I havent been doing commerical drywall for very long and hear people talking about bulkheads and am not sure what they are. I have probly already hungs some and not known it. Any info would be useful


----------



## mdshunk (Mar 13, 2005)

Drywall enclosures around pipe bundles, ductwork, and soffits built above kitchen cupboards are all examples of bulkheads.


----------



## FleshnerDrywall (Dec 9, 2006)

I see. I have always known them as chase or soffits. I've been hanging them for years and just didnt know it. Thank for the info mdshunk.


----------



## BreyerConstruct (May 22, 2006)

It takes guts to ask about something you aren't sure about, & risk someone flipping about you being a drywaller & not knowing one term... 
Bravo!


----------



## pn70 (Jun 11, 2006)

In Chicago I knew them as soffits, when I moved to Michigan I learned they called them bulkheads.

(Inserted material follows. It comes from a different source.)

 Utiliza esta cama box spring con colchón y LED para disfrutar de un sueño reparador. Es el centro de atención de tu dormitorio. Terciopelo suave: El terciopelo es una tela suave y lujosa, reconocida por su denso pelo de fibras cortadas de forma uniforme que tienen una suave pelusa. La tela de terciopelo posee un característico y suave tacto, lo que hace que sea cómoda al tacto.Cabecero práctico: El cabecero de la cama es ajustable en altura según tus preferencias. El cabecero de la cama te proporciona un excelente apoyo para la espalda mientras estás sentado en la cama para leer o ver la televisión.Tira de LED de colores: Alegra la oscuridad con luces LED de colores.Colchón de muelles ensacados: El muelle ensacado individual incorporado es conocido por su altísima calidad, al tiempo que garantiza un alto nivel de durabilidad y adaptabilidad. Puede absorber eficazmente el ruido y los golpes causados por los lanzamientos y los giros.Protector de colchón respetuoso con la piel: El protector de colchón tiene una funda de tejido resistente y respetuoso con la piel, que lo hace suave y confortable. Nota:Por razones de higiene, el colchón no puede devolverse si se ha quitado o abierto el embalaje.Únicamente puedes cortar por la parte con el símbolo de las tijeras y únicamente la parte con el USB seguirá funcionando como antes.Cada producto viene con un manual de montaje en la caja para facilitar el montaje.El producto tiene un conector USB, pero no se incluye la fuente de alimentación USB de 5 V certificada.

Different names, same thing.


----------



## Jcllc (Dec 8, 2006)

When I started in this business in texas they callled them "furdowns". how's that one?


----------



## LennyV-NHSNOLA (Nov 22, 2006)

We still call them furdowns or soffits here in N'Awlins!

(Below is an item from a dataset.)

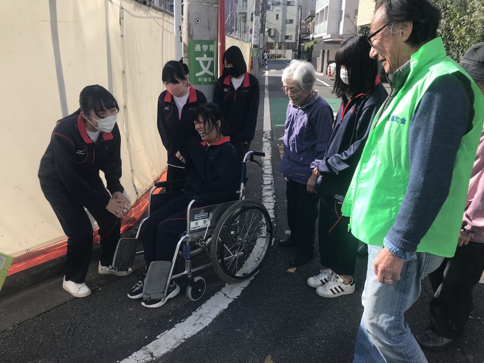 荻窪高校の生徒さんに車椅子の使い方を教えながら向かいました。

A bulkhead is what you build on your water front lot to keep your land from washing away.


----------



## AustinDB (Sep 11, 2006)

as used in the navy, bulkhead is an interior wall of a submarine or ship. My guess is some people using the term are referring to any verticle wall and not just relating to where pipes pass through.


----------



## ron schenker (Dec 11, 2005)

I've actually been called a "bulkhead" several times. It's the same as "blockhead"


----------



## tlfettled (Oct 19, 2006)

*bulk heads with wireing wow*

Did a job once which had burglar alarm system threw entire home 4 bathrooms 2 story house with a pool room it was a mammoth house! The home owners wife wanted the bulk heads removed over the kitchen area and the general contractor said sure no problem! The entire wiring system for all the homes alarms where ran inside the bulk head almost 90 separate wires! The general contractor ripped all the bulk head out then discovered he had no idea how to re route the wires for the alarm system! He got his brother to come help him because he couldn't figure out what to do and his brother set the main siren off which ran for 30 or 40 minutes be for his brother decided to cut the main power supply to the alarm system with a pair of wire cutters! Needless to say the 90 some odd wires where hanging loose from the kitchen ceiling and to my knowledge probably are still hanging there to this day ! Needless to say i do not sub out to these for mentioned general contractors anymore they give folks a bad reputation !


----------



## Mater (Feb 21, 2007)

*Bulkheads*

When I was in the State Patrol Academy we would "play games." Our bulkhead was considered the heater in each room. Here in Ohio I've only known them as soffits. Good question:thumbsup:


----------



## LukeOR (Feb 15, 2007)

"bulkheads" someone with a fat head, ussually not that good looking...lol..


----------



## RippySkippy (Feb 9, 2007)

*or with waste lines....*

know a guy, that measured his kitchen for a remodel. New cabinets go to the ceiling where the soffits were located. On demolition day, the soffits came out exposing the horizontal waste pipe supporting the bathroom group upstairs. The cabinets? All were notched out to accompany the waste pipe....and have a funky box at the top and back where the pipe still runs....


----------